▶ [WORK TO COMPLETE]: In the listing below, find the line containing "遷移金属系材料に対する従来の" and the line containing "Salsa francese Kuhne", then copy exactly everything from the first through the second, except the pictures.

▶ [DATA FOR PROCESSING]:
##########
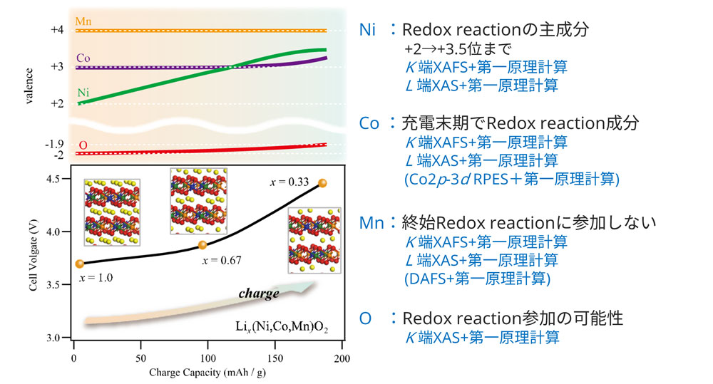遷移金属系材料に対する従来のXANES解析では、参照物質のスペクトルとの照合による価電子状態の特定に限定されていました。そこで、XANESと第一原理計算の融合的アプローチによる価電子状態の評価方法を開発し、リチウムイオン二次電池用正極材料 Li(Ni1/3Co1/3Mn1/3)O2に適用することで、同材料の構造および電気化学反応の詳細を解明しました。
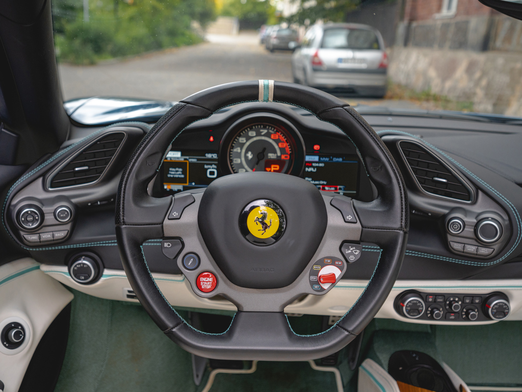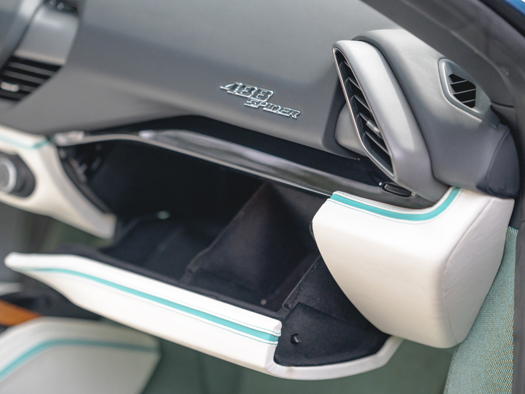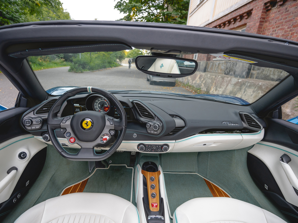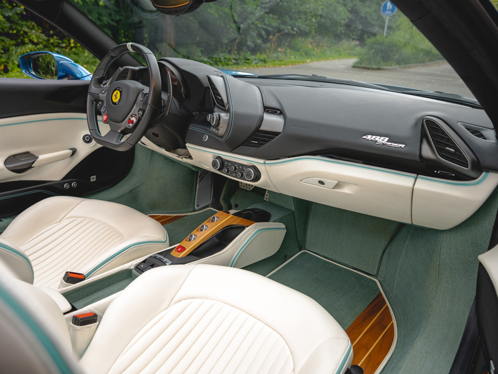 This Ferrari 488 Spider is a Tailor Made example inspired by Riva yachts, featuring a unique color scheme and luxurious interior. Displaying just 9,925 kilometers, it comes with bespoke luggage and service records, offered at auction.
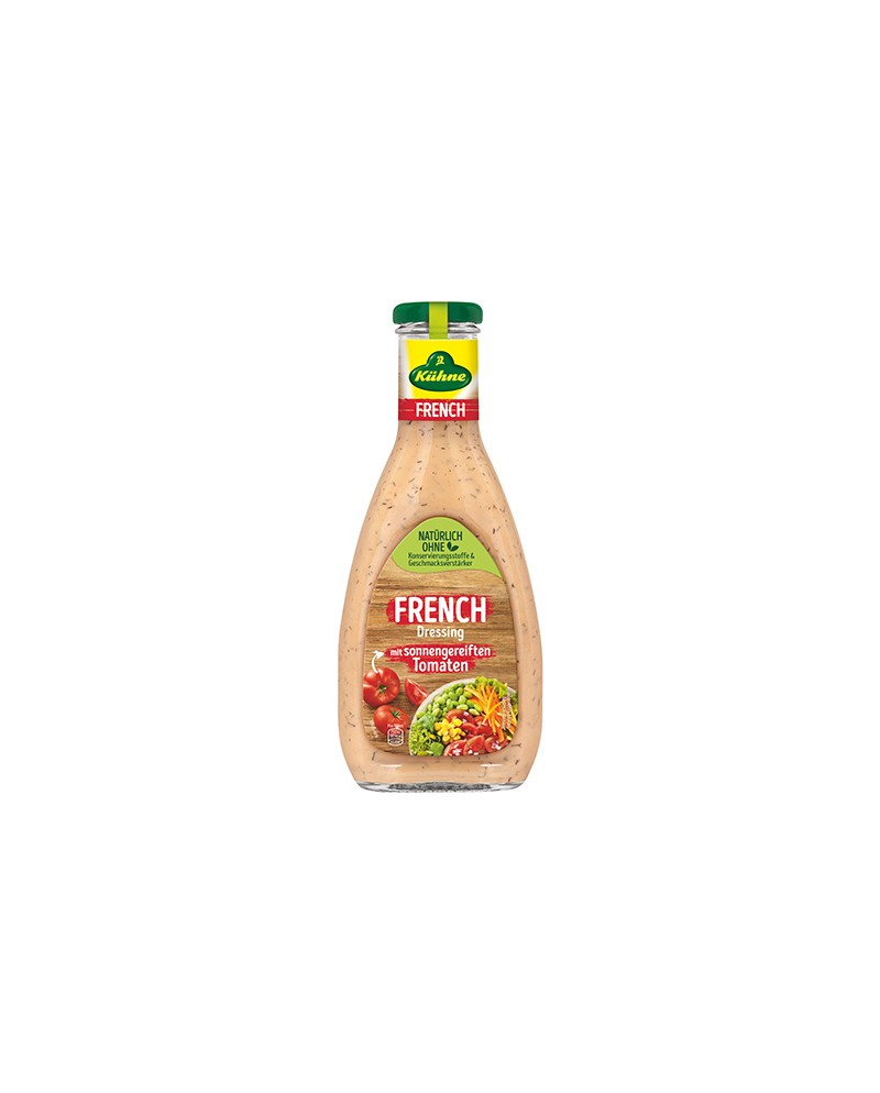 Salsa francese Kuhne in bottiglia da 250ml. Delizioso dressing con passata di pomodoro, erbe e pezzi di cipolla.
##########
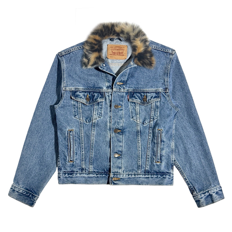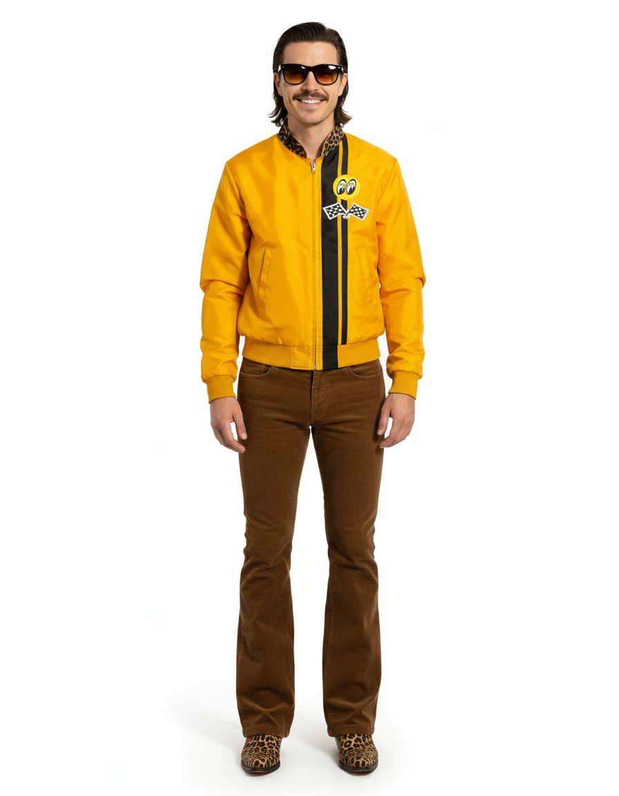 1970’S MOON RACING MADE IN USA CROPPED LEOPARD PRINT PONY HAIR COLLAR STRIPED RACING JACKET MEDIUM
##########
▶ [WRITTEN ANSWER]:
遷移金属系材料に対する従来のXANES解析では、参照物質のスペクトルとの照合による価電子状態の特定に限定されていました。そこで、XANESと第一原理計算の融合的アプローチによる価電子状態の評価方法を開発し、リチウムイオン二次電池用正極材料 Li(Ni1/3Co1/3Mn1/3)O2に適用することで、同材料の構造および電気化学反応の詳細を解明しました。
 This Ferrari 488 Spider is a Tailor Made example inspired by Riva yachts, featuring a unique color scheme and luxurious interior. Displaying just 9,925 kilometers, it comes with bespoke luggage and service records, offered at auction.
 Salsa francese Kuhne in bottiglia da 250ml. Delizioso dressing con passata di pomodoro, erbe e pezzi di cipolla.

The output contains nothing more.